As soon as the outdoors allows for a workday in the garden, check to see how the compost pile or bin is doing. Be sure to see if there have been any unintended additions over the winter, such as large branches or trash. It is also important to check if any parts of the bin are broken; maybe the wood is cracked, or the plastic is broken. Following the inspection, decide if repairs are needed before going ahead.

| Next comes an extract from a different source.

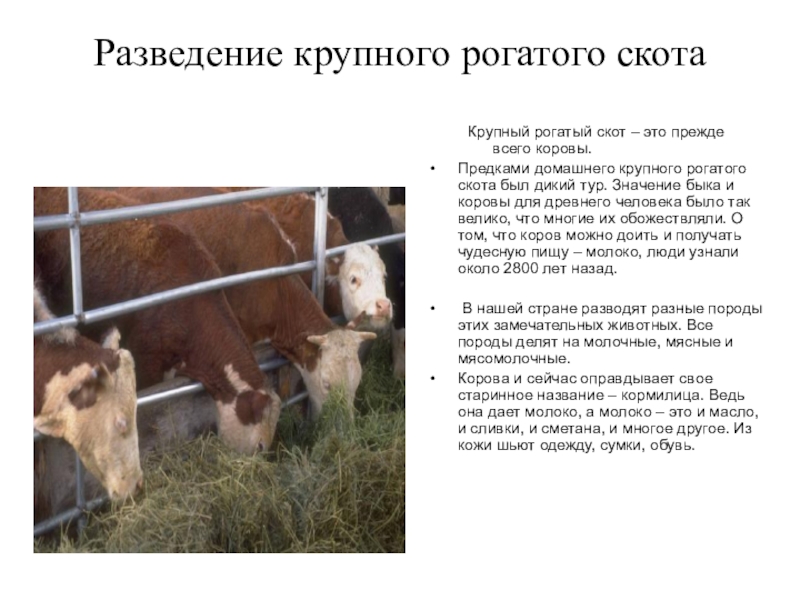 Корова и сейчас оправдывает свое старинное название – кормилица. Ведь она дает молоко, а молоко – это и масло, и сливки, и сметана, и многое другое. Из кожи шьют одежду, сумки, обувь.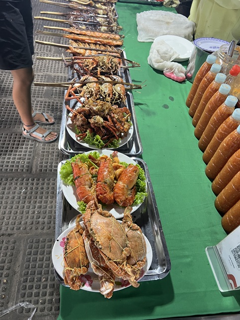 212) Phnom Penh Night Market, Phnom Penh, Cambodia, March 3, 2025 - After the cruise Jonna and I decided to walk back - about 20 minutes. Along the way we found an Indian Restaurant - perhaps of questionable quality. The food tasted good but there were also some signs that maybe it wasn’t the best place. Thankfully, we didn’t get sick and regret our dinner choice. At least the price was right - $12 for a dinner for two. Just around the corner from the restaurant was the night market. It was gritty and dirty but also a very local part of Phnom Penh in contrast to the tourist areas. We also stopped en-route at a convenience store where I got snacks for tomorrow and an ice cream bar for tonight. We got back to the hotel around 8:30pm which gave us time to pick up the laundry we’d sent out yesterday for cleaning and to shower off the sweat and bug repellent from today. Tomorrow we leave the capital to see some of central Cambodia.

Now that the bin is structurally sound, see if any part of it is still active or if it froze through. Active compost piles produce heat. Look for some finished compost at the bottom or middle of the pile or steam coming off the pile. If the pile has either of these things, the pile is likely still cooking.

Turning the Pile

The next step is to turn the compost pile. This will take some muscle. Use a pitchfork to mix the materials and incorporate air into the pile. Composting is a recipe; the beneficial organisms that do the work need the right combination of air, water, carbon, and nitrogen. The goal is to provide the perfect home for these organisms to do their work, so compost is created at the end of the process. After the winter thaw, compost piles are likely to be wet and soggy rather than dry. If a pile is wet, don’t add water and just turn it. If a pile is dry, adding water will add moisture.

Managing Inputs

Next up is adding more brown and green material to the pile. These are carbon and nitrogen sources. In general, add about three parts carbon material to one part nitrogen by volume. This means that for every bucket of greens added, add three buckets of brown material. Some carbon sources include dry leaves, straw, pine needles, and sawdust. Some nitrogen sources include fruit and vegetable kitchen scraps, grass clippings, and plant trimmings.

Always continue to monitor the pile. Water it when dry and turn it at least once a week. Follow these steps to get a compost pile working again in no time.